Pony Park Klaten, Selasa (7/7/2026). (IDN Times/Herlambang Jati Kusumo)
Respons masyarakat terhadap Pony Park disebut cukup tinggi sejak masa soft opening pada 28 Juni 2026. Dipta mengungkapkan hingga grand opening, jumlah pengunjung telah menembus lebih dari 15 ribu orang, didominasi wisatawan dari Klaten, Solo, dan Yogyakarta. "Selama musim liburan, rata-rata kunjungan mencapai sekitar 1.500 hingga 3.500 orang per hari," ujarnya.
Pony Park berdiri di atas lahan seluas lebih dari 1,5 hektare dengan fasilitas pendukung berupa restoran, pendopo, hingga food court yang melibatkan pelaku UMKM Klaten. Ke depan, pengelola juga berencana menambah koleksi satwa, menghadirkan wahana horse riding, serta menyiapkan berbagai paket wisata.

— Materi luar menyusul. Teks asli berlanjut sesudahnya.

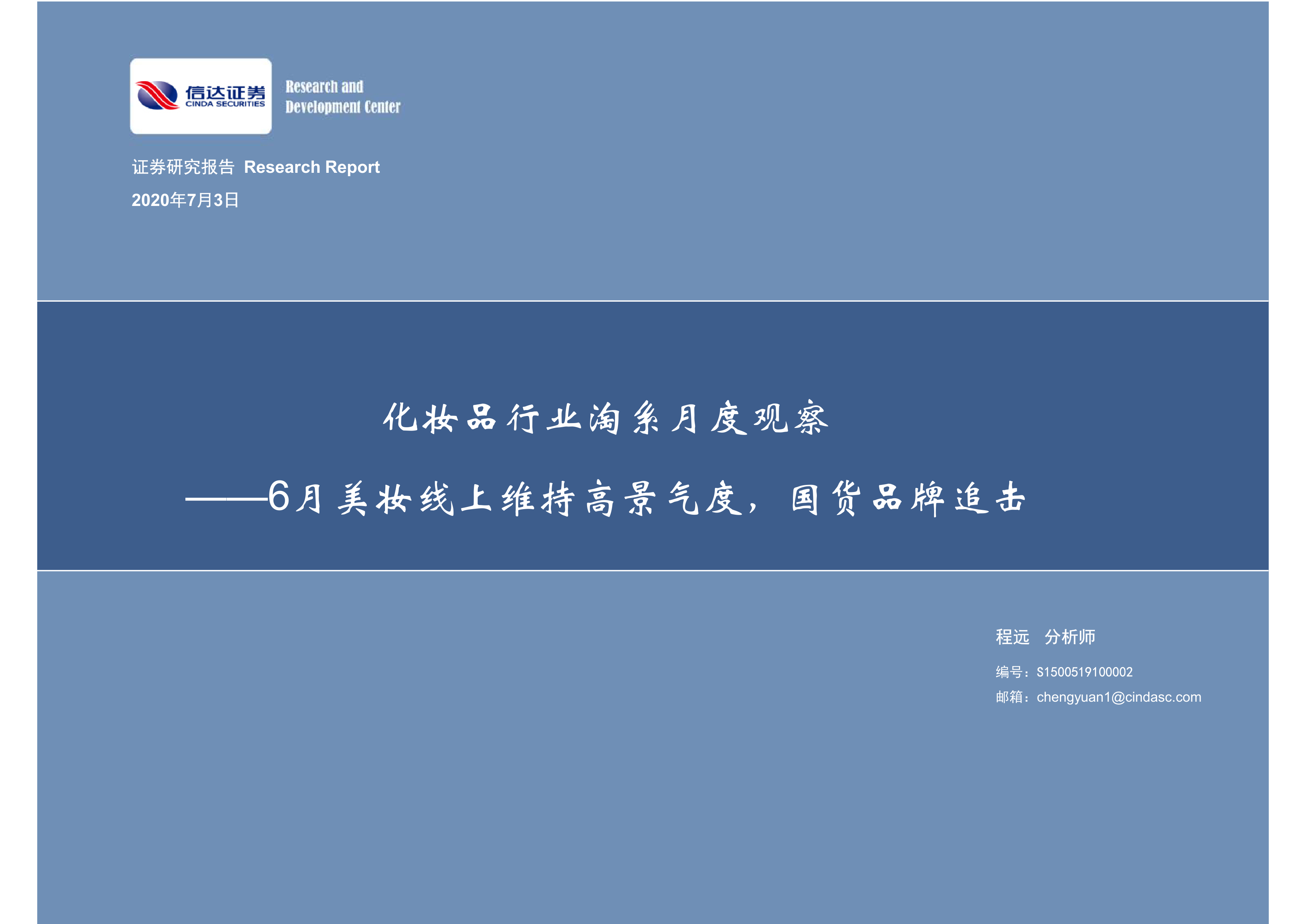 化妆品行业淘系月度观察:6月美妆线上维持高景气度,国货品牌追击

Untuk menikmati Pony Park, pengunjung dikenakan tarif Rp35.000. Beberapa wahana memiliki biaya tambahan, seperti kereta mini Rp15.000, menunggang kuda poni Rp25.000, memberi makan satwa mulai Rp10.000, hingga interaksi dengan kapibara yang dibanderol hingga Rp35.000. Sementara jam operasional berlangsung pukul 09.00–17.00 WIB pada hari kerja dan 08.00–17.30 WIB saat akhir pekan.

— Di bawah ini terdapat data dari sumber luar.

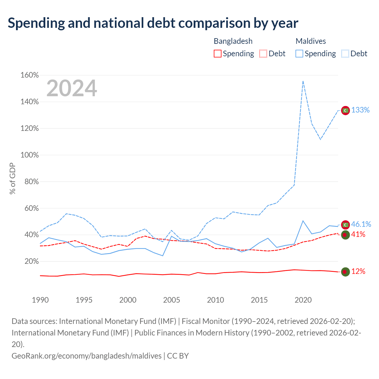 Bangladesh has $184B in government debt (41% of GDP), compared to $9.41B (133.3% of GDP) in Maldives.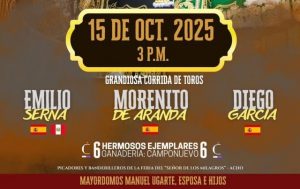 Ante estas previsiones tan adversas y mirando por la seguridad de todos los aficionados, la empresa y el Ayuntamiento se ven obligados a cancelar este festejo en el que estaban anunciados los matadores de toros Emilio Serna, Antonio Puerta y Filiberto y los novilleros sin picadores Salvador Ruiz ‘El Marqués’ y Jesús Montiel, con ganado del Marqués de Domecq y Dámaso González.
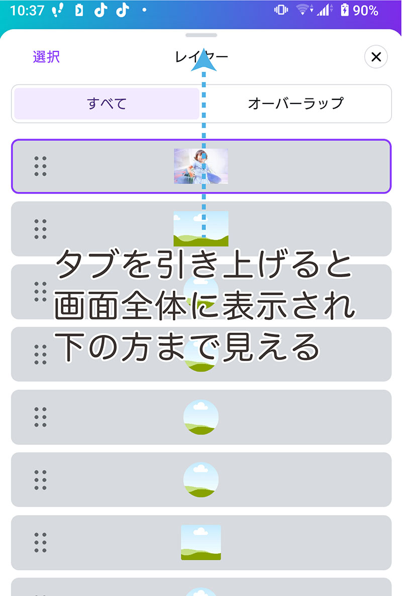 3.写真の重なり順が表示されますので、表示部分をスワイプして「一番下」まで降りていってください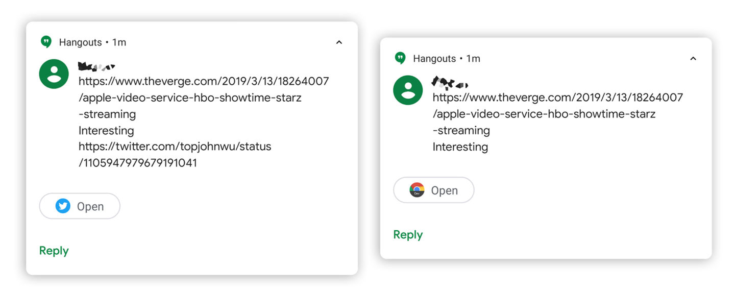اگر شخصی پیامی برای شما ارسال کند که لینکی در آن گنجانده شده باشد، یک دکمه عملگرا هم در کنار نوتیفیکیشن پیام مشاهده میشود (درست در کنار دکمه پاسخ به پیام ) که به وسیله آن میتوانید لینک مربوطه را از طریق همان پنل نوتیفیکیشنها بارگذاری کنید. حال این میتواند باز کردن یک صفحه اینترنتی در مرورگر باشد یا باز کردن یک توییت در اپ توییتر. قابل ذکر است که این ویژگی ثبات چندانی در آزمایشها نداشت و پس از یک ساعت استفاده از اندروید Q دیگر نمایان نگردید که احتمالا این هم مشکلی است که در نسخه نهایی اندروید Q رفع خواهد شد.

Dipta memastikan seluruh satwa mendapatkan pemeriksaan kesehatan secara rutin oleh dokter hewan dan telah memiliki izin peraga sesuai ketentuan. "Kami rutin melakukan pengecekan kesehatan bersama dokter hewan dan terus berkoordinasi dengan BKSDA. Semua satwa memiliki izin yang diperlukan," jelasnya.